IL FASCISMO “BUONO” DELLA GRILLINA E IL RISVEGLIO DEI FARISEI STRABICI DELL’ANTIFASCISMO
LE LEGGI SOCIALI DI CUI SI DOTO’ IL PRIMO FASCISMO FURONO TALMENTE ALL’AVANGUARDIA DA ESSERE ADOTTATE IN MOLTI PAESI DEMOCRATICI… QUALCUNO FORSE RIMPIANGE LA DESTRA LIBERALE DEI PADRONI DELLE FERRIERE E LA SINISTRA DEI GULAG?
Da decenni, a cominciare dai primi studi di De Felice, il fascismo è ormai oggetto di seria analisi storiografica, dalle origini alla Rsi.
Esistono varie scuole di pensiero, ovviamente, tra chi esprime condanne in toto, chi salva gli anni del consenso (che, per essere definiti tali, evidentemente si basavano sulla condivisione del regime da parte degli italiani), e chi contestualizza le varie fasi nell’ambito dei sommovimenti mondiali di quegli anni.

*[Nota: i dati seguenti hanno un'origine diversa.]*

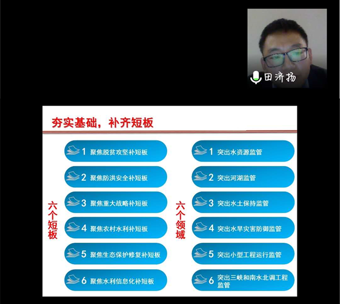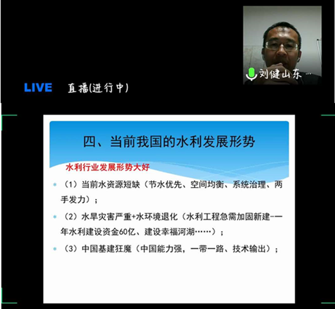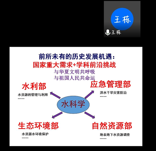 青年学子的云端恳谈。他首先分析了中国的水资源现状:我国水资源四大问题为水多、水少、水脏、水浑,主要表现在洪涝灾害、水资源短缺、泥沙问题、生态环境需水量逐步提高四个方面;中央一号文件聚焦水利、“海绵城市”建设推进、河湖长制贯彻落实、五大战略与“两山论”指导工作方向,在当今中国发展进程中水利事业具有重要地位。他带领同学们走进水世界,在广义和狭义上认识何为水资源,深度了解水循环,辨析水文学概念及其分类,学习了解水文的不确定性。在他看来如今水利专业青年学子正面临前所未有的历史发展机遇——国家重大需求与学科前沿挑战,水科学可衍生出水利部、应急管理部、生态环境部、自然资源部,水利专业青年学子生逢其时、大有可为。

Esistono poi i caricaturisti che speculano per una manciata di voti sull’apologia del regime, antifascisti che hanno messo il segnale dall’allarme al boiler della storia, pronti a scattare fuori dall’uscio appena una sprovveduta osa parlare di “fascismo buono” senza saper poi argomentare, qualche comunista d’annata che non ha avuto il piacere di partecipare a visite guidate ai gulag .
Le argomentazioni globali sono speculari alle dittature comuniste: libertà negate, regimi di polizia, persecuzione degli avversari politici.
Nulla di nuovo e nulla da obiettare.
Se non che sarebbe interessante computare anche le vittime del capitalismo di quegli anni, i diritti negati ai lavoratori, le morti in fabbrica, lo sfruttamento dei minori e delle donne, le guerre di colonizzazione condotte dalle democrazie e i relativi indigeni trucidati, i latifondi consegnati dalla destra storica alla speculazione dei grandi proprietari terrieri.
Ma su questi argomenti gli indignados, tra i grandi intellettuali italiani, sono pochini.
Il fascismo delle origini non può essere “buono”, sostengono oggi, perchè “marciò con violenza su Roma” (peraltro senza colpo sparare, segno che tanta opposizione non ci fu…) e distribuendo “randellate” (salvo dimenticare come furono accolti i reduci della guerra 15-18 dai “rivoluzionari comunisti” che notoriamente erano muniti solo di fiorellini di campo).
Sarebbe interessante che si aprisse un dibattito mettendo a confronto il welfare dei tempo della destra storica giolittiana e le norme d’avanguardia che introdusse il primo fascismo e quante ne ha prodotte la nostra democrazia negli ultimi sessanta anni.
Qualche esempio?
L’assicurazione Invalidità e Vecchiaia, la riduzione dell’orario di lavoro a otto ore, la tutela del lavoro delle donne e dei bambini, l’Opera nazionale dopolavoro, le colonie marine e montane per i ragazzi, l’elettrificazione della rete ferroviaria, lo sviluppo delle centrali idroelettriche, le bonifiche dell’agro Pontino, dell’Emilia, della bassa Padana, di Coltano, della Maremma, l’Opera Maternità e Infanzia, l’assistenza agli illegittimi, la Carta del lavoro, le esenzioni tributarie per le famiglie numerose, la creazione del libretto di lavoro, la legge istitutiva dell’Inps, gli assegni familiari, le Casse rurali e artigiane, la legge che istituiva lo IACP per le case popolari, l’assistenza santaria gratuita.
Per non parlare dello lotta vera alla mafia, la creazione di aree industriali, lo sviluppo della rete autostradale, delle ferrovie e dei porti, la facoltà d’indagine alla polizia tributaria, gli acquedotti pugliese, del Monferrato, del Perugino, la creazione dei Parchi nazionali, la riforma della scuola.
Non era forse quell’Italia oggetto di ammirazione e di esempio legislativo per molte democrazie occidentali?
O quei leader erano tutti ubriachi quando introducevano nei loro Paesi le norme che per prime erano state adottate dall’Italia?
Prima di sollevare polemiche sul nulla, sarebbe opportuno che qualche giornalista studiasse la genesi del fascismo e la storia del nostro Paese.
Un fenomeno complesso non può essere lasciato alle battute di un Grillo, di un Cavaliere o di qualche caratterista da baraccone sedicente fascista a tempo scaduto.
Ma neanche a chi commenta i fenomeni storici soffrendo di strabismo.